Happy brokers and customers? It's in the hands of the carriers

Happy brokers and customers? It's in the hands of the carriers | Insurance Business

Happy brokers and customers? It

A satisfied customer makes a satisfied broker. Ultimately, if insurance carriers want to maintain good working relationships with the intermediary channel, they must come up with products that satisfy the end-consumer. That rings true in all insurance lines.

There’s a lot of talk around brokers feeling the brunt of changing consumer preferences – but carriers are also under significant pressure, according to Tom Super, director of the Property and Casualty Insurance Practice at J.D. Power. One evolving market in which the insurance industry is being forced to adapt quickly is the auto space.
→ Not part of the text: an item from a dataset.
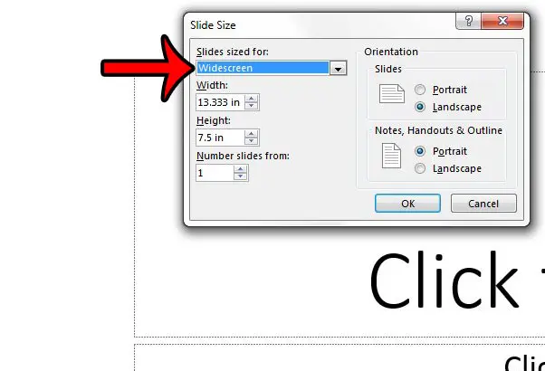 如果这些尺寸不是您想要的,那么您可以在中输入您自己的自定义值宽度和高度字段。请注意,您还可以在此屏幕上指定幻灯片的方向,以及选择备用页码编号方法。您可以单击好的完成更改后按钮。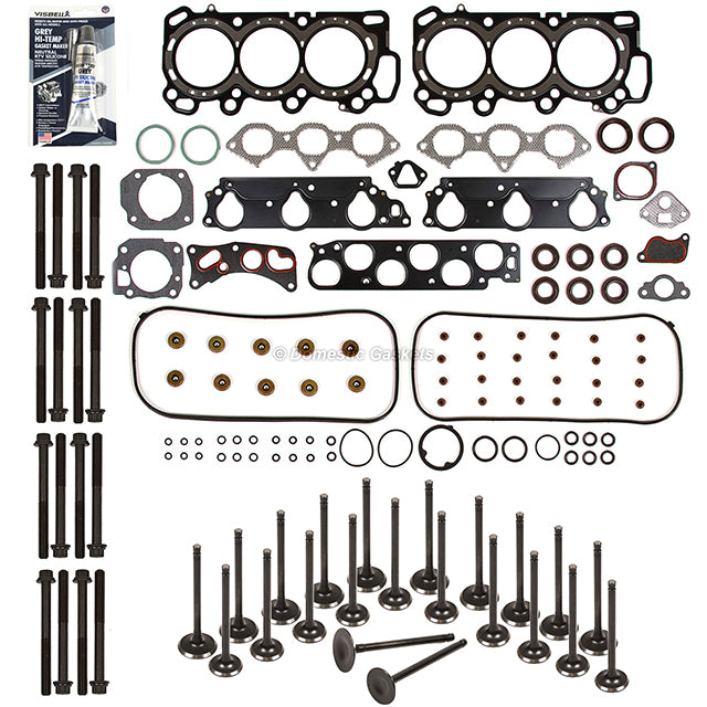 Head Gasket Set Intake Exhaust Valves Fits 99-01 Honda Odyssey 3.5 SOHC 24V. This head gasket set with intake and exhaust valves is just what you need to keep your car in good running order. The head gasket set with intake and exhaust valves that you will receive in this kit are high quality gaskets and intake and exhaust valves that the dealers and rebuilding shops use everyday. So do not settle for lesser quality parts when it comes to engine repair. These gaskets and intake and exhaust valves are designed for the professional installer. It does not come with any installation instructions. If you do not have a service manual, please consult a professional mechanic prior to installing this head gasket set with intake and exhaust valves.

As autonomous vehicle technology becomes more readily available and consumers get used to purchasing vehicles with connected capabilities, insurers and brokers need to offer products to meet new demands.
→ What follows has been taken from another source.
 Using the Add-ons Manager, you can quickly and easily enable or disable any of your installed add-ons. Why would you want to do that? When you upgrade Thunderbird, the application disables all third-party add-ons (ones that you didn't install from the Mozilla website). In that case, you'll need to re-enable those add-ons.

“From an independent agent or insurance broker perspective, when a customer approaches them asking for auto insurance on a vehicle with certain autonomous safety features – like lane departure technology or automatic braking – they will seek carriers who are offering discounts and incentives based around those enhanced features,” Super told Insurance Business.

“The key driver of broker satisfaction is satisfying the end-consumer,” he added. “To do that, they have to offer high levels of servicing and find insurance products that meet customer needs. They also have to find carriers that are committed to their market, especially in the more specialized areas of commercial lines.”

However, the inaugural J.D. Power 2018 US Independent Insurance Agent Satisfaction Study released in January, suggested levels of satisfaction among independent agents and brokers are not as high as they could be – and this is partly due to the carriers.

The study found agents’ overall satisfaction with insurers is just 696 (on a 1,000-point scale) for personal lines and 686 for commercial lines, which are among the lowest scores for business-to-business relationships in J.D. Power satisfaction studies.

“This low satisfaction means independent agents and brokers are having to maintain a high level of carrier relationships (on average, eight carrier relationships for personal lines and 11 relationships for commercial lines) in order to find the products and services that best meet the needs of consumers,” Super commented. “They’re not necessarily finding that any particular carriers are servicing and meeting all of their needs, and so they’re forced to build multiple relationships.”

In the autonomous vehicle space, carriers can up satisfaction levels by offering consumer discounts related to the evolution of autonomous vehicle technology, according to Super. They can partner with autonomous vehicle technology providers in order to offer product features that will satisfy consumers, and therefore brokers, as the industry moves towards full autonomy.